We all need affirmations or permissions during childhood and later on as adults to be ourselves, to grow and to love.

At different ages in our childhood we have to master different tasks and therefore require different sets of affirmations as we grow up.

As adults, we still go through the same stages or developmental tasks, especially if there is a task we didn’t quite complete as children. (For example, someone may never have learned to be separate from his or her parents and now still clings on to his or her partners.

That person may need affirmations for doing things their own way and to be their own person.) The process of going over developmental tasks again and again is called recycling. (

To continue with the example above, that person will have a chance and the challenge to complete their ability to be separate each time a person leaves his or her life, or whenever a relationship ends.

Recycling early developmental tasks means that people re-experience earlier developmental tasks in a more sophisticated form at a later age.

Here is a general list of childhood stages and related affirmations

Birth – 6 months. Task: Deciding to live.

Affirmations: You have a right to be here. Your needs are ok with me. I am glad you are a boy/girl. You don’t have to hurry (and grow up). I like to hold you. I am glad you are alive. I love you just the way you are. I love you and I care for you willingly.

6 months – 18 months. Task: Gaining confidence in doing. Affirmations: It’s ok to do things. You don’t have to do things for me (like be smart, be cute….). I like to watch you initiate and grow and learn. I love you when you are active and when you are quiet. You can use all of your senses when you explore. You can do things as many times as you need to.

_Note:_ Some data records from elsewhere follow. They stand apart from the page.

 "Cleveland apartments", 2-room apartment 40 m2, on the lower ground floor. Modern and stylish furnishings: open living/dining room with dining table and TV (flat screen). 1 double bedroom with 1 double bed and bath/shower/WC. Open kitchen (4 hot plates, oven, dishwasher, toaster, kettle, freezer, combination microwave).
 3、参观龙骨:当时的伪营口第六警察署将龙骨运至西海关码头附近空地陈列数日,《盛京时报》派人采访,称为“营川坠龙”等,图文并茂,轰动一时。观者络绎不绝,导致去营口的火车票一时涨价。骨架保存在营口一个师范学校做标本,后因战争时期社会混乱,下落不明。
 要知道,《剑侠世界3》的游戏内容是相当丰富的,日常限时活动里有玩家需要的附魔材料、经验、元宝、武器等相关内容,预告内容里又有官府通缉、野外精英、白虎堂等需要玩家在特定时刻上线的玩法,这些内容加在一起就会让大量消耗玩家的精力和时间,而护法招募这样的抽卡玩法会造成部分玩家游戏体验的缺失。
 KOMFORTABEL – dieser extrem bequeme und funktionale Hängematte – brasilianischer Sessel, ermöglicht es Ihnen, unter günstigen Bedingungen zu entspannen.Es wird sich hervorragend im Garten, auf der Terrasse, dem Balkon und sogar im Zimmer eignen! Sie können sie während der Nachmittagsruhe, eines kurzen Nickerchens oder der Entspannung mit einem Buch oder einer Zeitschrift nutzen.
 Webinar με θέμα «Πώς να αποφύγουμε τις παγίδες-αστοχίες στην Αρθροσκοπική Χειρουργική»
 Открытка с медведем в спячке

18 months – 3 years. Task: Gain confidence in thinking. Affirmations: I am glad you are growing up. I am not afraid of your anger. You can think about what you feel. You don’t have to take care of me by thinking for me.

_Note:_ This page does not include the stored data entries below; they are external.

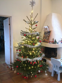Och här nedan har vi the real thing. Denna snarare två och en halv meter hög, även om de båda granarna förefaller ungefär lika höga på bilderna. Dottern har även klätt nedre delen av denna, samt introducerat det tjocka vulgoglittret som jag sedan fick ordna på ett så smakfullt sätt som möjligt. Hon insisterade också på stjärna i toppen, vilket jag annars inte brukar ha. Jag köpte tre olika innan jag hittade en som faktiskt gick att sätta fast utan att själva toppgrenen droopade betänkligt.
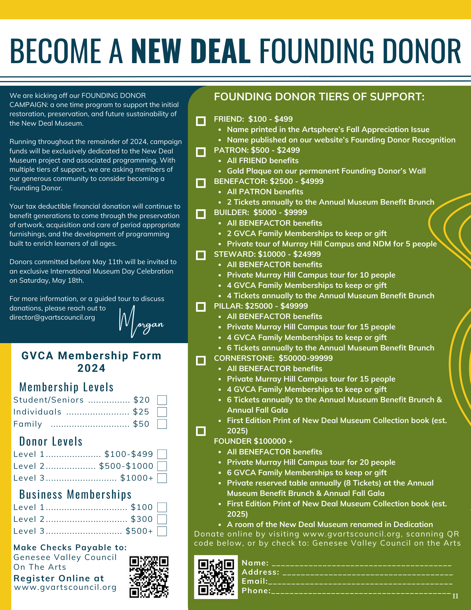 For more information, or a guided tour to discuss donations, please reach out to director@gvartscouncil.org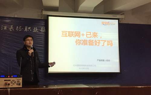 杭州爱财网络科技有限公司的产品总监任远讲座现场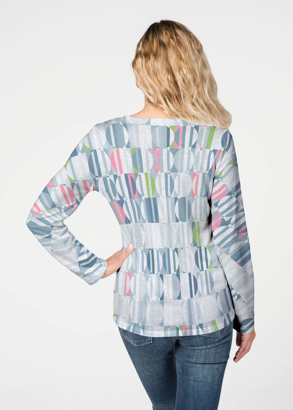 Our French Terry top is comfort and style all in one! Our French Terry top that features long sleeves, a V-neck and a more fitted silhouette that looks stylish in any print.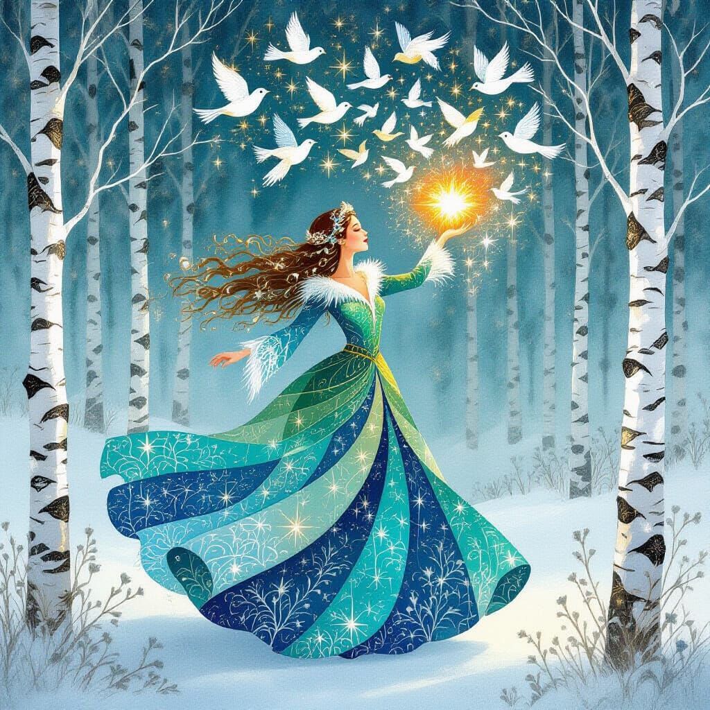 This image shows a woman in a flowing dress dissolving into birch trees as birds fly from her heart. The artwork is a blend of watercolor and Klimt-inspired gold swirls with soft, ethereal brushstrokes.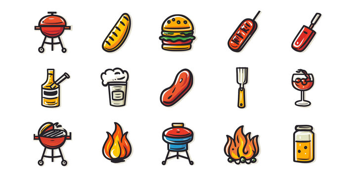Barbecue icon set featuring grill, burger, hot dog, sausage, and drink illustrations, perfect for websites or menus. Vibrant and playful design enhances culinary themes

You can be sure about what you need and want and think. You can think and feel at the same time. You can know what you need and ask for help. You can become separate from me and I will continue to love you.

3 – 6 years. Task: Find own identity and power. Affirmations: You can be powerful and still have needs. You don’t have to act scary, sick, …. to get taken care of.

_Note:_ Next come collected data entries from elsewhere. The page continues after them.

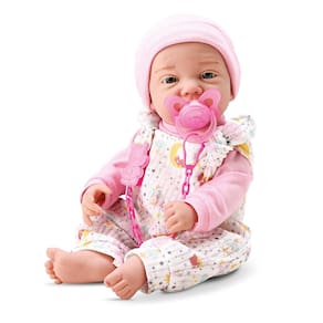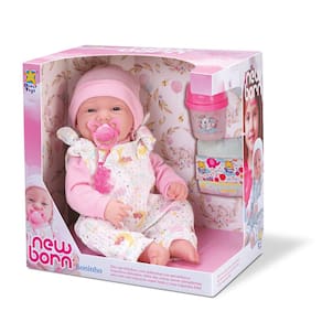 Contém: 1 Boneca, 1 Mamadeira, 1 Fraldinha e 1 Chupeta.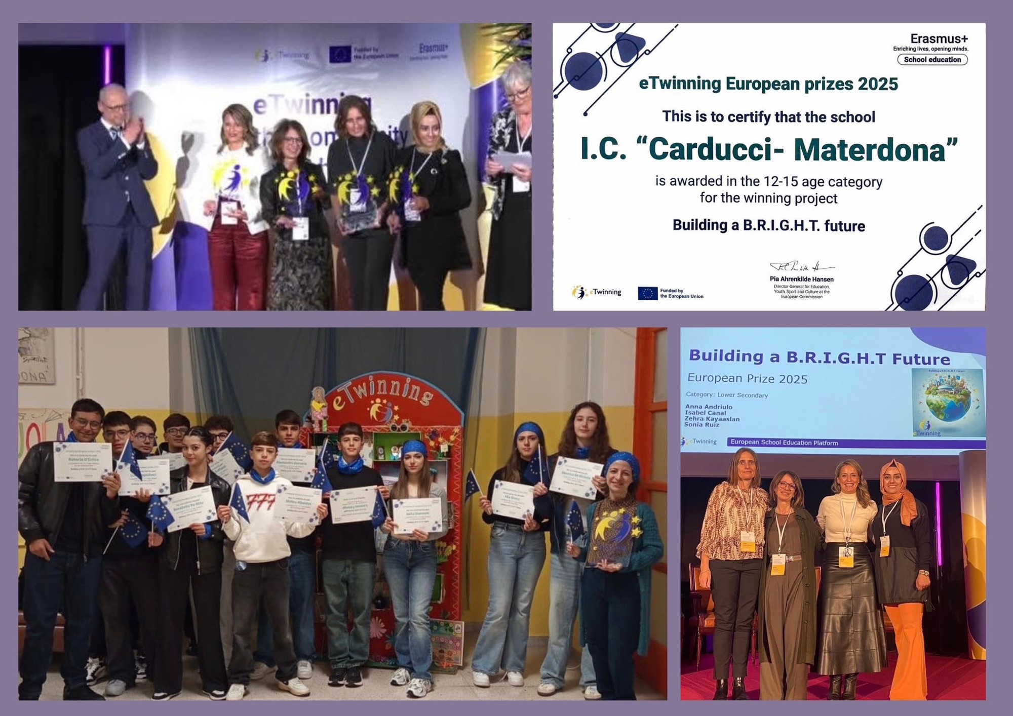 Grande orgoglio per l’I.C. “Carducci–Materdona”, vincitore del Premio Europeo eTwinning 2025 nella categoria 12–15 anni con il progetto Building a B.R.I.G.H.T. Future, realizzato dalla classe 3B (a.s. 2024–25) sotto la guida della prof.ssa Anna Andriulo e dell’intero consiglio di classe.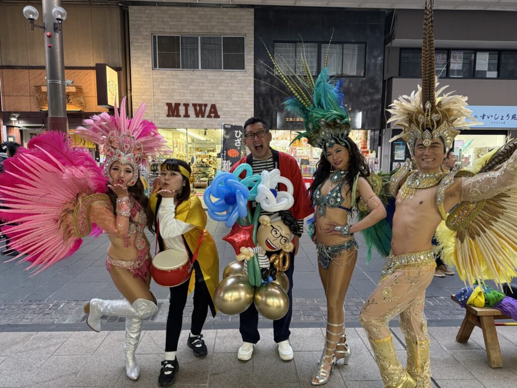 メンバーは固定ではなく常に新陳代謝(入れ替わり)をしています。つまりゴーフィーニャスというブランドを熊本のサンバダンサーが諸活動を通じて磨き上げているということ。サンバ界のAKB48的な(笑)存在といってもいいかなと。サンバダンサーMasashiが企画&プロデュースしています。

You can express your feelings straight. You can find out the results of your behavior. You can be powerful and ask for help at the same time.

6 – 12 years. Task: Find own structure to do things. Affirmation: You can learn to do things your way. You can think before you make any rule your own. You can trust your feelings to help you know.

You can do it your way. It’s ok to disagree. You don’t have to suffer to get what you need. You can find a way of doing things that works for you. You can learn the rules that help you live with others.

12 – 19 years. Task: To find sexual identity. Affirmations: It’s ok to be a sexual person (and I will not act out my sexual feelings towards you as the parent). You can be a sexual person and still have needs. It’s ok to know who you are. You are welcome home again. You can develop your own interests, relationships and causes. I look forward to knowing you as an adult.

As you read through this list, notice the affirmations that you would like to hear or the ones that move you.

Write those down and keep repeating them to yourself. Maybe you didn’t get enough of that particular permission as a child.

It is particularly powerful if you give yourself affirmations at the end of a relaxation exercise. Similarly, there might be affirmations you simply can’t believe to be true about yourself (the above example person may not believe that it’s ok for them to think for themselves).

If that is the case think about what that means for your life. How does it hold you back? If you think it’s a big part of what’s not working in your life, do something about it.

Talk to your friends, read self-help books or consider psychotherapy.

You could also talk this through with your partner and see what kind of affirmations she or he might want to hear from you.

You could make a deal where you exchange the affirmations you have chosen for yourselves and receive them from the other person on a regular basis.

Experience suggests that those relationships where the partners constantly affirm each other are much more likely to be sexually successful than those where they do not.

In a way, that stands to reason, really, because nothing is more subject to negative feedback than a man or woman’s enjoyment of sex.